Belgique

Zakia Khattabi veut en finir avec sa cure de discrétion : “Co-présidente, j’étais présentée comme radicale. C’était quand même vachement plus efficace”

La fin de la législature approche. Quels sont vos projets personnels en vue de 2024 ?

Je suis candidate tête de liste au Fédéral, pour Bruxelles (Ndlr : l’assemblée générale régionale d’Écolo à Bruxelles devra valider sa candidature en décembre, mais elle est la seule candidate pour le poste).

Il y avait un doute quant à vos intentions. Pourquoi ce choix ?

À l’heure où des figures, singulièrement des femmes comme Gwendolyn Rutten ou Catherine Fonck, quittent la politique, et sachant que mon parcours personnel n’a pas été simple, j’ai beaucoup hésité à continuer la politique. En mai-juin, j’hésitais encore… Mais mon engagement ne vient pas de nulle part. C’est d’abord un engagement pour les miens. En juillet, j’ai perdu mon papa. Ça arrive à tout le monde, évidemment (ses yeux s’embuent, sa voix frémit, NdlR). Quand ma maman a rangé ses affaires, on a retrouvé une enveloppe dans laquelle il avait plié la première interview que j’ai donnée en 2009. C’était avec Vincent Rocour, dans La Libre Belgique. Ça a été un choc pour moi, de me dire que mon papa était allé acheter le journal, avait déchiré la page et l’avait pliée soigneusement. Il ne me l’avait pas dit, ce n’était pas quelqu’un qui exprimait ses sentiments. Ça a été assez bouleversant de se rappeler la fierté qui était la sienne… Ça m’a ramené aux origines de mon engagement.

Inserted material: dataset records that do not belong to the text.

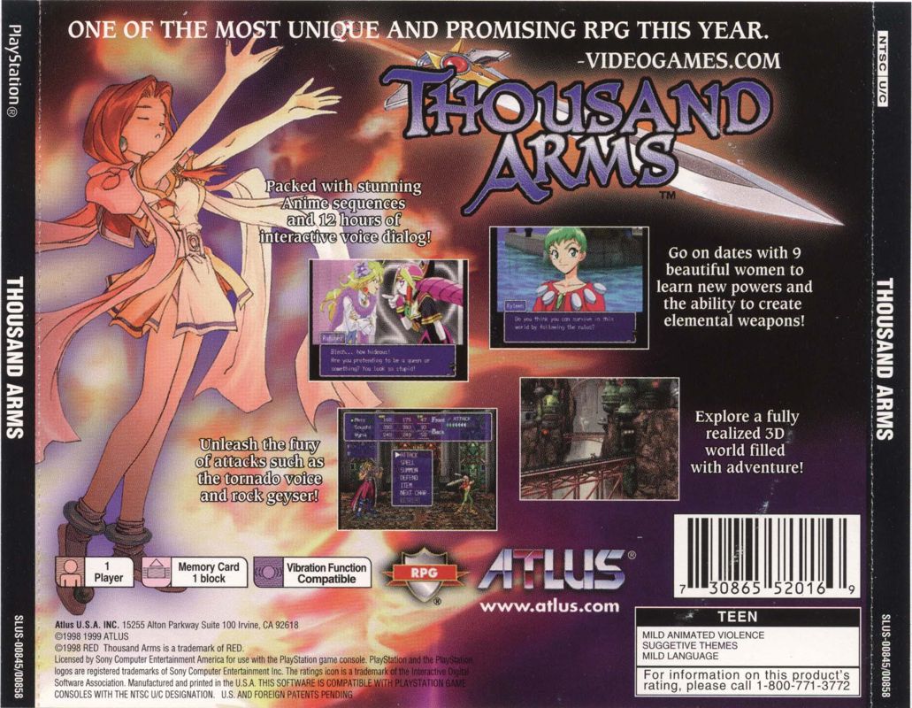 Thousand Arms is an anime-style role-playing game with turn-based combat, featuring 2D character sprites on polygonal background. Only one character can directly attack enemies during battles; the rest of the party play a support role with spells and items. Being a blacksmith, Meis can forge weapons for all the characters in the party by himself. To do so, he must seek out hidden spirits scattered through the game world, and secure the help of a female companion, who can imbue weapons with various spells and skills.
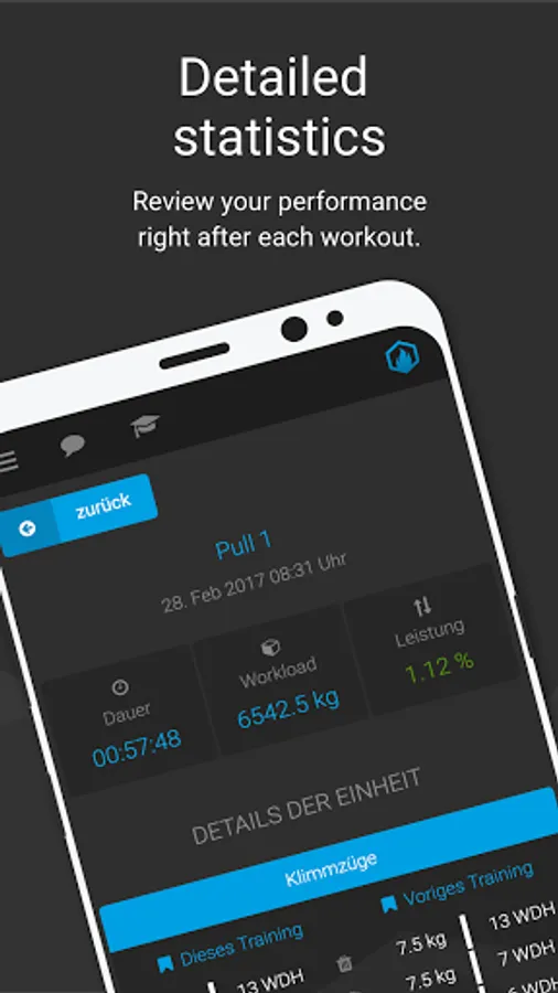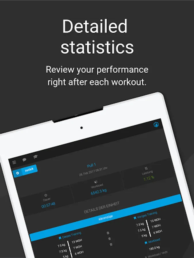 The focus of GAINSFIRE is to quickly and efficiently record your performance and physical fitness. This includes the comparison of the current workout with past workouts in simple to understand statistics.
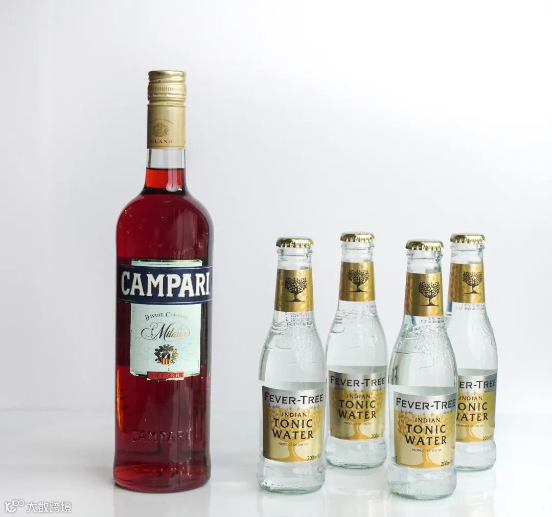 倒入一份金巴利,三分汤力水
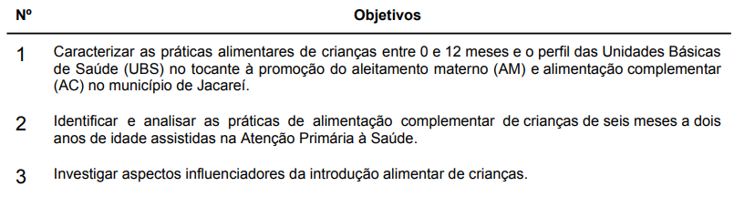 O artigo 1 , traz uma pesquisa realizada no estado de São Paulo na cidade de Jacareí com 290 lactentes com idades entre 6 e 12 meses a qual objetivou identificar as práticas alimentares e a promoção da alimentação complementar. Esse estudo identificou que das crianças estudadas, apresentavam introdução alimentar adequada apenas 24,2% dos participantes com idade entre 6 e 7 meses e 29,6% das crianças de 6 a 9 meses de idade no que tange a frequência alimentar mínima.
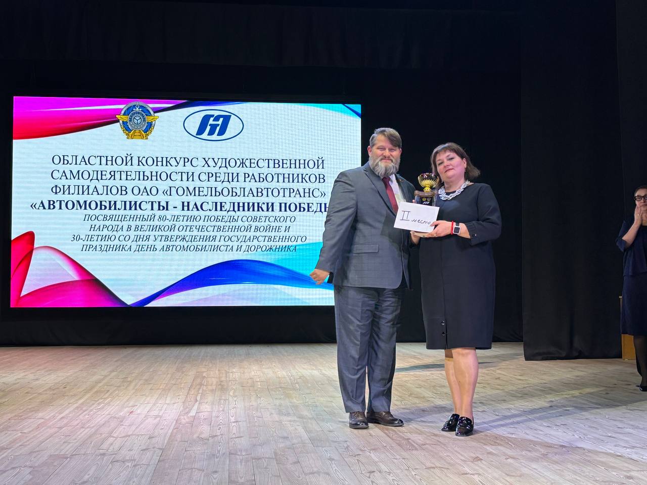 Филиал «Автобусный парк №1» принял участие в областном конкурсе художественной самодеятельности среди работников филиалов ОАО «Гомельоблавтотранс» «АВТОМОБИЛИСТЫ-НАСЛЕДНИКИ ПОБЕДЫ», посвященному 80-летию Победы советского народа в ВЕЛИКОЙ ОТЕЧЕСТВЕННОЙ ВОЙНЕ и 30-ЛЕТИЮ со дня утверждения государственного праздника ДЕНЬ АВТОМОБИЛИСТА И ДОРОЖНИКА.
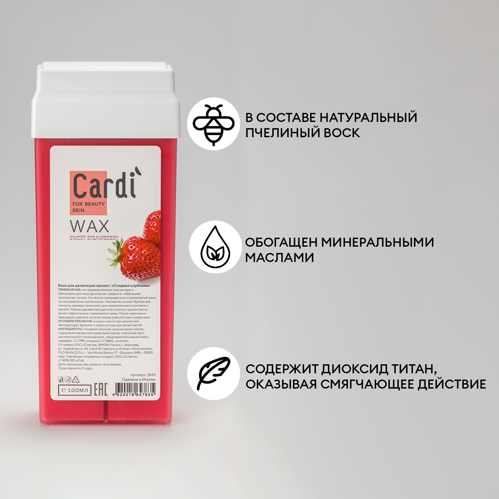 Воск для депиляции Cardi (аромат "Сладкая клубника"), 100 мл №2844 информация:

On perd parfois cela de vue, dans votre fonction ?

Quand on a le nez dans les responsabilités, avec les injonctions, quand on est pris dans le mainstream, dans la gestion, et on oublie. Mes parents – mon papa était ouvrier – ont fait de moi une présidente de parti, une ministre et pourtant, mon père continuait de penser qu’il n’avait pas tout à fait réussi sa vie parce qu’il n’avait pas le dernier modèle de Mercedes… Plutôt que de me préoccuper de ce que les éditorialistes et mes opposants pensaient de moi, je me suis rappelé que la politique, ce n’était pas pour eux que je la faisais. C’est venu des tripes : je continue au nom des miens, en mémoire de mon père. Dans le climat ambiant, autour de l’asile et de la migration, ça veut dire quelque chose. Cette candidature est un acte de résistance.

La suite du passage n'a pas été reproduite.